EWG shops agenda-driven promotion piece designed to snow media
March 15 Washington, D.C. – The Environmental Working Group’s (EWG) latest “study” about mercury in seafood is not published, peer-reviewed science but a slickly packaged marketing piece designed to drive traffic to its mercury calculator; promotional click bait.
Over the past decade independent science has migrated away from EWG’s hyperbolic rhetoric about mercury in seafood. In an attempt to look less out of step, the group periodically comes up with science-like press releases to shift the conversation away from real research and back to its agenda. This is yet another example of that.
EWG recommends FDA bring its advice to pregnant women into alignment with the USDA Dietary Guidelines to, “provide greater clarity.” What they do not mention is that the guidelines have historically said the “benefits of consuming seafood far outweigh the risks, even for pregnant women.”
EWG openly relies on research that, “isolate(s) and independently examine(s) the benefits of omega–3s and the harm of mercury.” This type of scientific contortion is comically out of step with mainstream research.

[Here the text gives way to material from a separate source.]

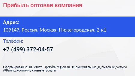 Прибыль, оптовая компания по адресу 109147, Россия, Москва, Нижегородская, 2 к1 в дальнейшем Организация, размещена в следующих категориях:

Published peer-reviewed science that takes into account the befits of omega 3’s and the risks of mercury together, found in the FDA’s Net Effects Report and the report issued jointly by the U.N. Food and Agriculture Organization (FAO) and World Health Organization (WHO), is accepted and understood as the gold standard. Consumers don’t eat fish with a side of mercury, studying it that way only works to further EWG’s agenda when they don’t agree with the avalanche of research that stands in contrast to the narrative they are pushing to the press.
EWG’s fear mongering notes that mercury causes “serious nerve damage,” “seizures,” “tissue–damaging free radicals” and “inhibits cellular repairs.” Yet it finds no such maladies in any of the women in its study. None of the women it claims could be so grievously injured by eating seafood were. EWG has a solution in search of a problem.
EWG bills itself as an environmental health and advocacy organization, it is not a public health and or nutrition research group and should not be reported on as such.